Soft Robotics
Neural Sensorimotor Control
How does an octopus arm localize and reach a target? We provide a biophysical model of a soft octopus arm with neuromuscular control architecture and sensory system including chemosensing and proprioception. A novel feedback neuro motor control law and a novel consensus algorithm for sensing are used to locate target and generate reaching motion.
Sensory Feedback Control
Inspired by several biology observations, we propose a novel sensory feedback control law for an octopus arm. The sensory information is assumed to be the bearing along the arm and the location of the closest point to the target.
Control-Oriented Model for Bend Propagation
A control-oriented reduced order model is constructed based on a novel parametrization of the curvature of the octopus arm in order to study its bend propagation movement. The parametrization is motivated by the experimental results.

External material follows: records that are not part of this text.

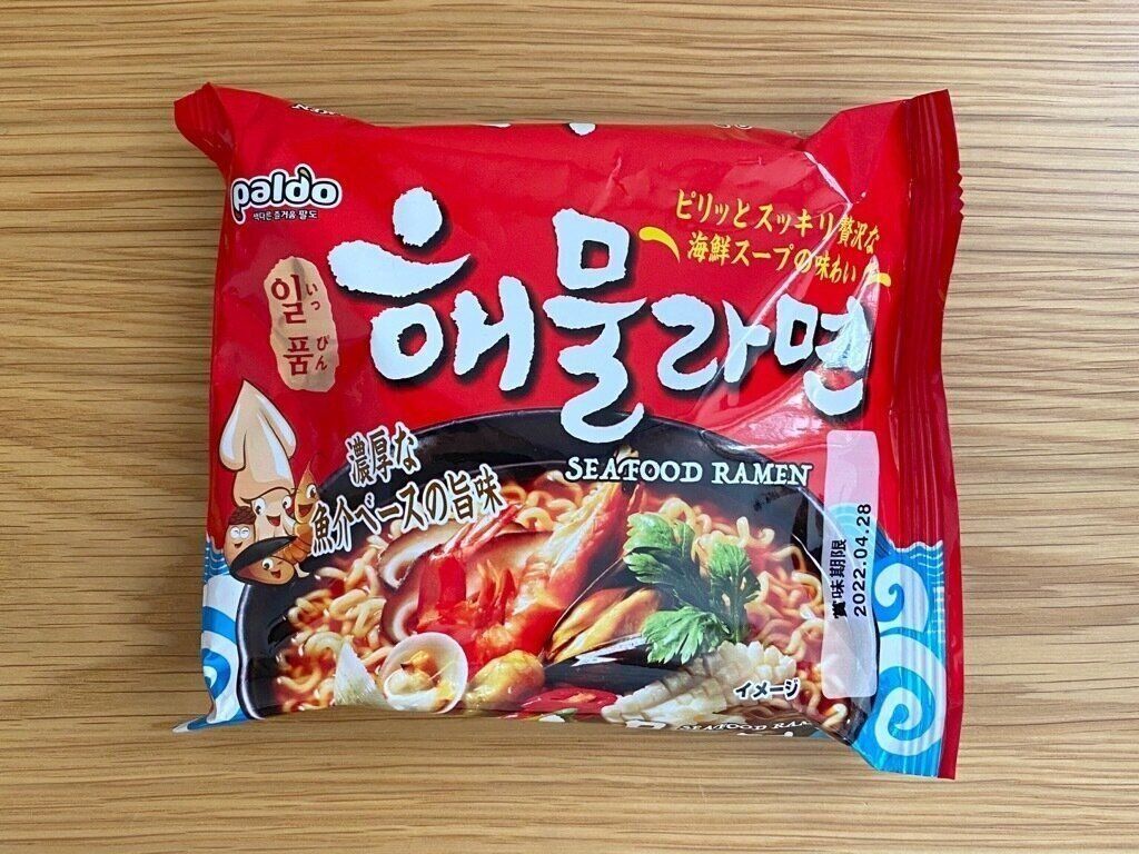 辛い物好きには心地よいくらいの辛さで、「辛ラーメン」より少しマイルドな印象。海鮮の旨みの効いたスープと麺もよく合っています。
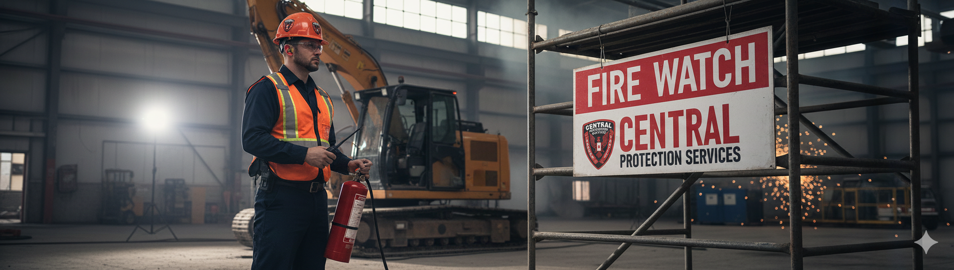 At Central Protection Services, we provide specialized Fire Watch Security Guard Services in Edmonton, Calgary, and across Alberta, Saskatchewan, British Columbia, Manitoba, Ontario, and Quebec. Our licensed and trained security guards help protect your property, staff, and assets by ensuring fire safety compliance and rapid response to potential fire hazards.
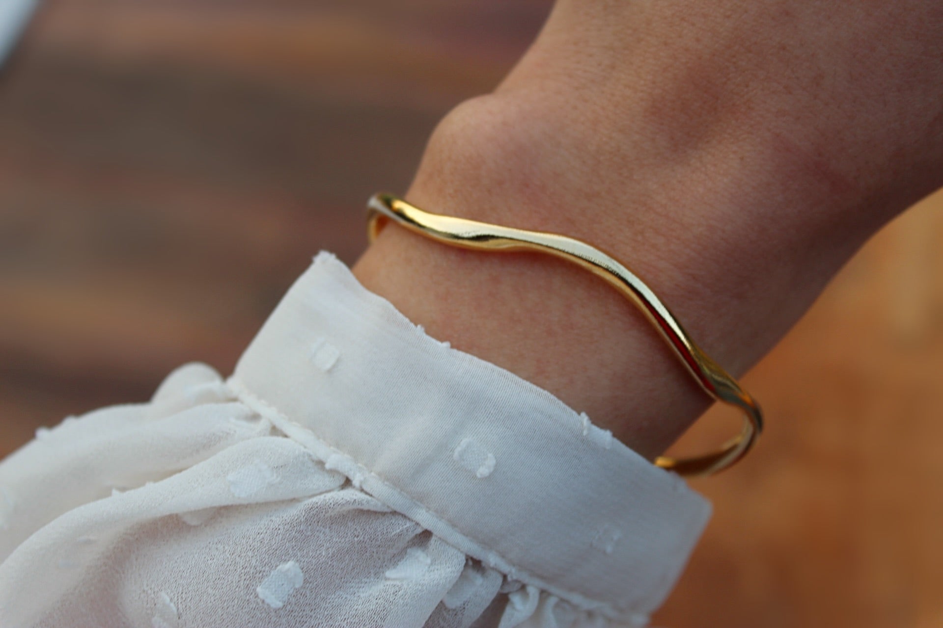 Esta es una esclava abierta, relativamente dúctil y semi ajustable. Si lo necesitas, puedes regular su medida con pequeñas presiones, haciendo la fuerza desde ambos bordes.
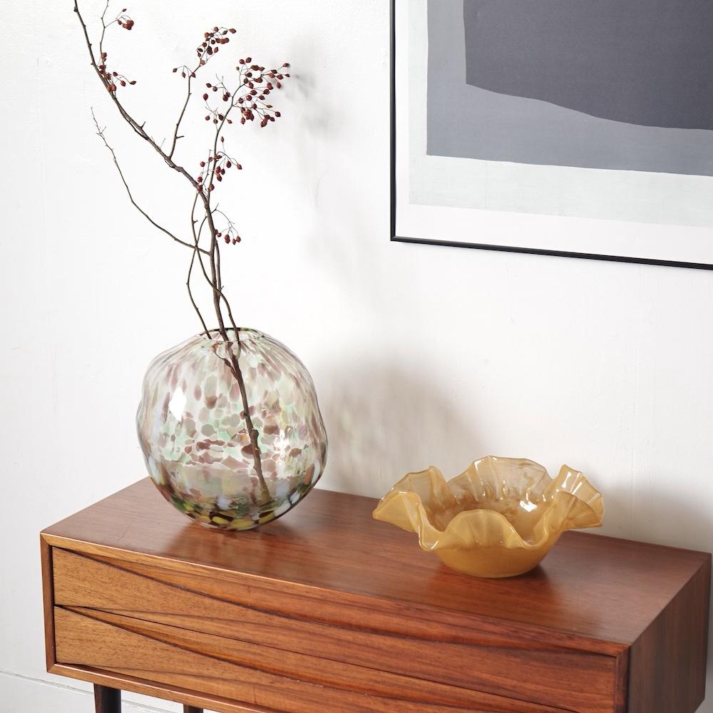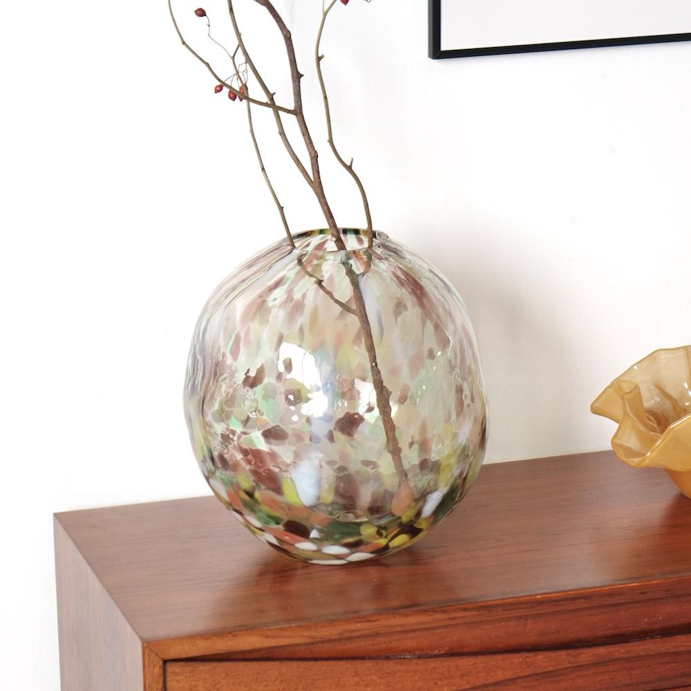 口吹きで一点ずつ成形されているため、気泡やわずかな凹凸、色のにじみがそれぞれに現れ、同じものが二つとない個性を宿しています。直径・高さともに25cmのゆったりとしたサイズは、花束や枝もの、グリーンのアレンジを美しく受け止める存在感。ダイニングテーブルのセンターピースや、窓辺、サイドボード、玄関先など、どこに置いても自然と視線を惹きつけます。
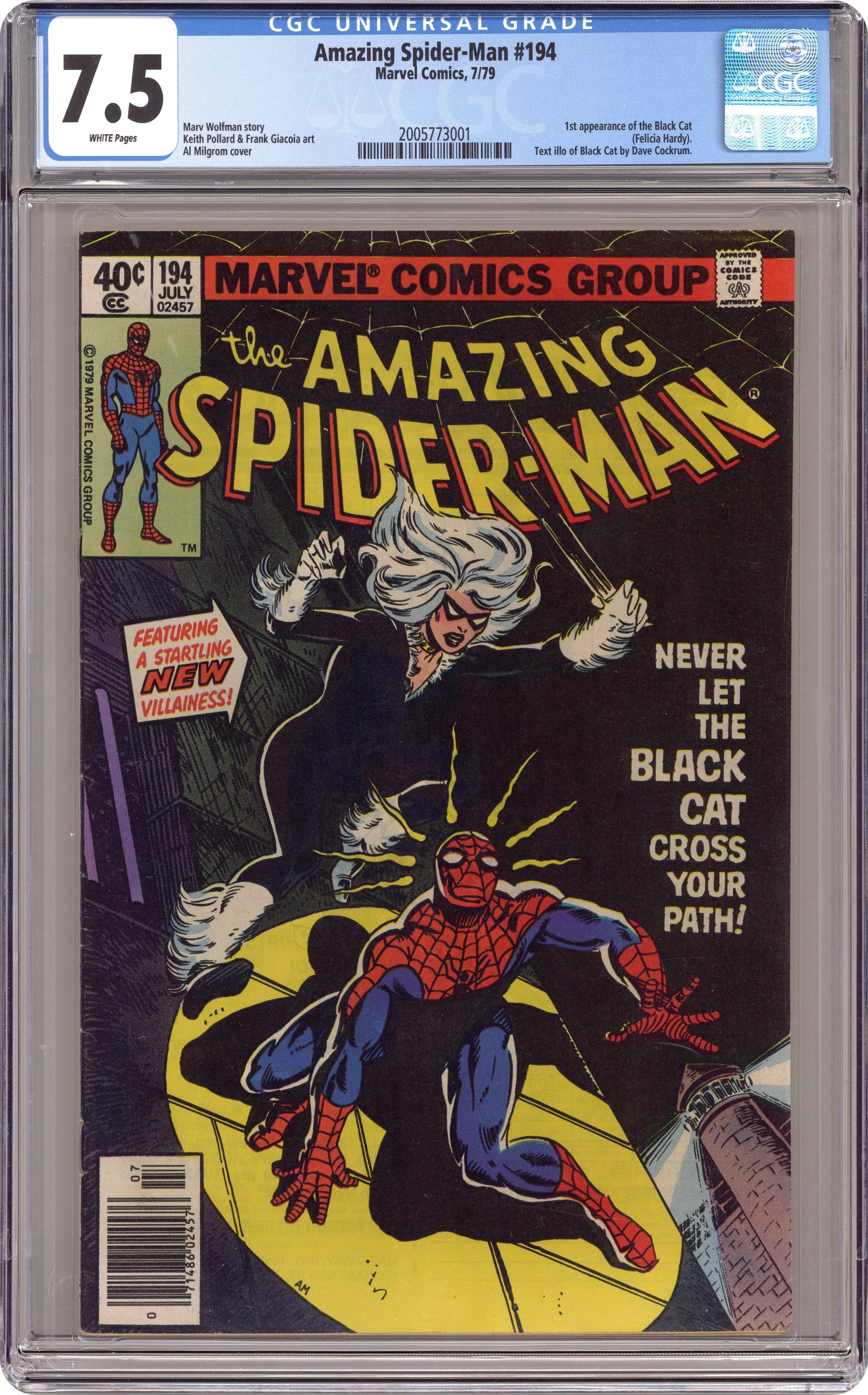 Ended Jan 19 2024 Winning Bid $235 Newsstand Edition. First appearance of the Black Cat in "Never Let The Black Cat Cross Your Path!" Part 1 of 2. Script by Marv Wolfman. Art by Keith Pollard (breakdowns) and Frank Giacoia (finishes). Cover by Al Milgrom. One of the landmark issues of the Amazing Spider-Man series! The dazzling debut of the Black Cat! The wall-crawler has spent the first 193 issues of his title chasing super-villains! But tonight he's going to kiss one instead! Wow! Does the web-slinger stand a chance against the beauty and charm of Felicia Hardy? Not when the alluring cat has his tongue! And maybe later his heart! A terrific issue! Cameo appearances by Aunt May, Betty Brant, Ned Leeds, Harry Osborn, Flash Thompson, Mysterio (in civilian clothes), and the burglar. (Notes: The Black Cat is the creative highlight of the Wolfman-Pollard run on the Amazing Spider-Man title. Dave Cockrum designed the cat's costume. The letters page includes an alternate cover (for issue 194) by Keith Pollard. It also includes an alternate cover to Spider-Woman 9 by Carmine Infantino. This two-part story was reprinted in the trade paperback: Spider-Man vs. the Black Cat (2005). 36 pages, full color. Cover price $0.40. Grade: CGC 7.5 explanation of grade Condition: Used (collectible)
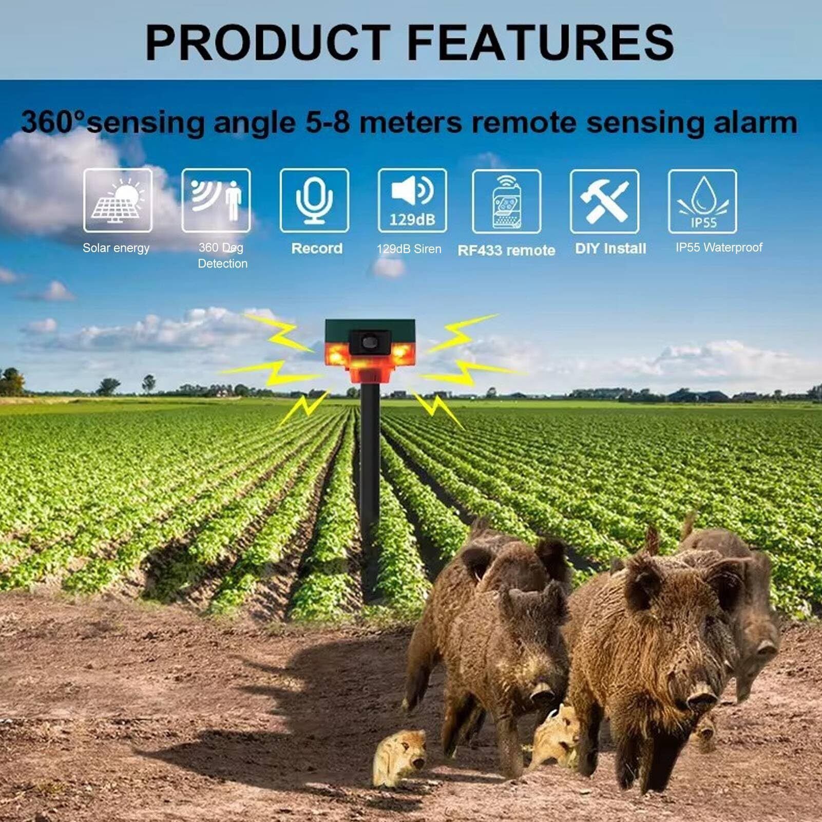 360°カバレッジと勧告警告:3つのモーション検出器を備えたモーションセンサーアラームのソーラーアラームは、5〜8メートル以内の動きを検出し、音と光のアラームを起動します。 129dbの音量のサイレンと6つの明るく点滅するLEDにより、あなたの敷地への動物や侵入者を阻止します。
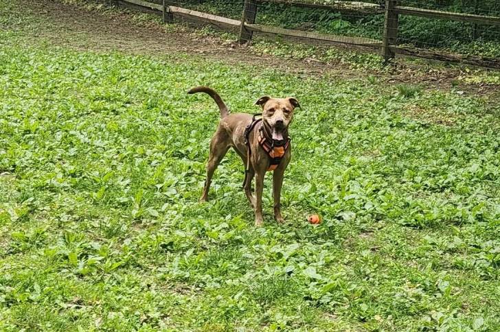 Un Catahoula Heeler sur une surface herbacée et portant un harnais
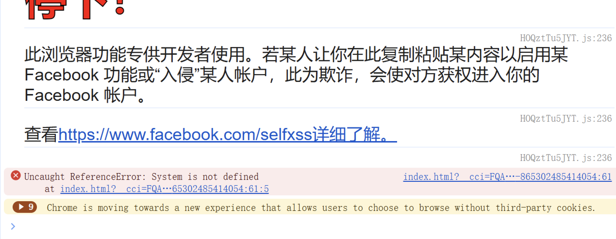 理论上不应该的。facebook 的环境是基于 webview 的,html 页面如果有加载 src/system.bundle.js 不应该出现 System 找不到的情况,我们测试并没有复现出这个情况。可以继续留意一下此问题。

Energy Shaping Control of Soft Actuators
The energy shaping control manipulates the energy of the control system including the potential energy landscape and kinetic energy such that it can stabilizes the system at the designed static configuration and/or changes its transient dynamics.
Energy Based Reconstruction of Soft Actuators
The energy based reconstruction of soft actuators provides a both theoretical and practical algorithm to recover internal strains including all six modes of deformations (normal/binormal bending and shear, twist and stretch). The method is implemented on the soft robot platform: BR2 and it shows high accuracy and robustness under limited data measurements.
Muscle Model of an Octopus Arm
CyberOctopus is a computational analog to living octopuses that can adapt, learn and evolve to novel tasks, situations and environments. Our team is currently modeling the muscular structure of an octopus' arm so that we can understand its various behaviors including reaching, grasping and crawling.
Optimal Control
In order to investigate the potential optimality behind some stereotypical octopus arm movements, we formulated a free endpoint optimal control problem to minimize an objective function by using the Maximum Principle for the Hamiltonian control system in the infinite-dimensional settings.